《私のビジネス日記帳》日本流ラグジュアリーとは? 生駒芳子

2023/09/27 06:25 更新


 ラグジュアリーブランドを束ねるヨーロッパ発のコングロマリットに続いて、つい最近、アメリカからも複数のブランドを束ねるタペストリー社が名乗りを上げ、ラグジュアリーブランド買収合戦は加熱するばかりだ。富裕層マーケットの拡大と、インスタグラムなどSNSでの日常的なブランド・アピール効果も伴って、ラグジュアリーマーケットは活況を呈している。

 ラグジュアリーブランドが提供するものは、高品質のものづくりと、最先端のアートやファッションを取り込んだ高い美意識を宿したライフスタイル。

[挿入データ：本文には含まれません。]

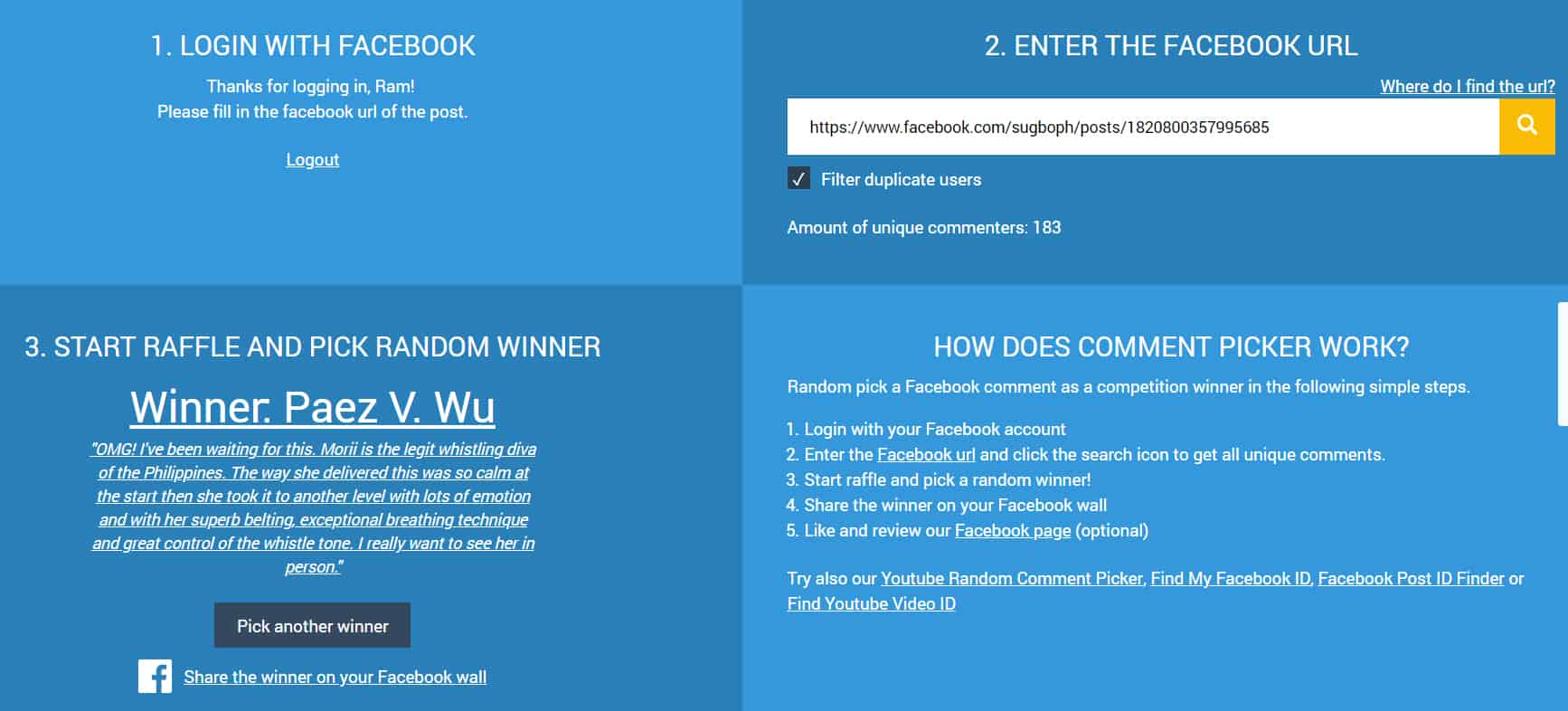 Please message us on Facebook before 11AM tomorrow (July 13) – otherwise we’ll raffle another one tomorrow afternoon. You are the only authorized person (reflecting the announced name) who can discuss with us on how to claim your tickets. Congratulations! ;)

彼らが今、最も注目しているのが、日本のものづくり、伝統工芸、アート、漫画、自然資源だ。

 だとするならば、この国で、ファッションやアート、ものづくりに携わる人々の使命は、日本流のラグジュアリーを〝発明〟することではないか。実は、世界市場を席巻するスティーブ・ジョブズやイーロン・マスクらIT世界の先駆者は、禅や〝わびさび〟、瞑想(めいそう)、伝統工芸に入れ込んできた。彼らはそこに、未来の豊かさを見ているのだ。

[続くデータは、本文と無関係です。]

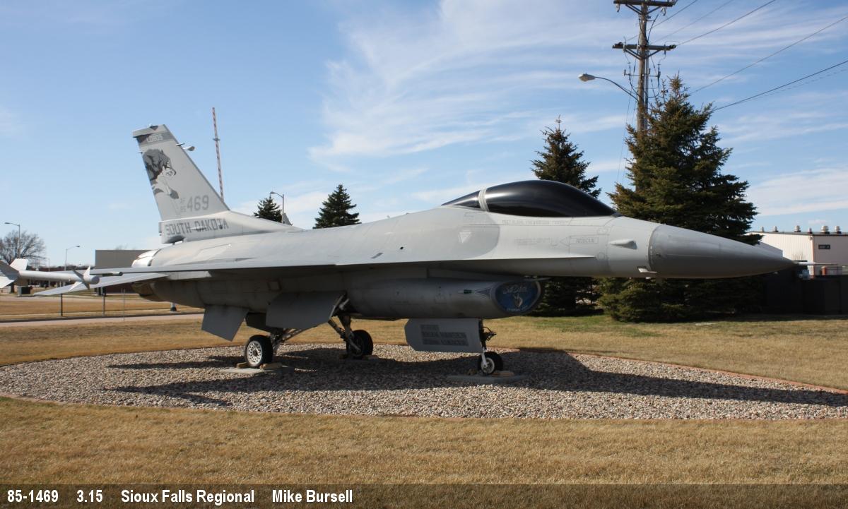 | 85-1469 | GD Fighting Falcon F-16C | Ex USAF, SD ANG marks | Preserved, outside | Sep 2025 |

 私自身、12年前に伝統工芸に出会い、未来を感じて、日本流ラグジュアリーを目指すブランドを手がけている。自然をめでる。丁寧なものづくり。人々の心の奥に触れる深い精神性と芸術性を宿した新たなラグジュアリーブランドが、ここ日本からこそ飛び立つべきであるとそう信じている。

(ファッション・アート・伝統工芸プロデューサー)

「私のビジネス日記帳」はファッションビジネス業界を代表する経営者・著名人に執筆いただいているコラムです。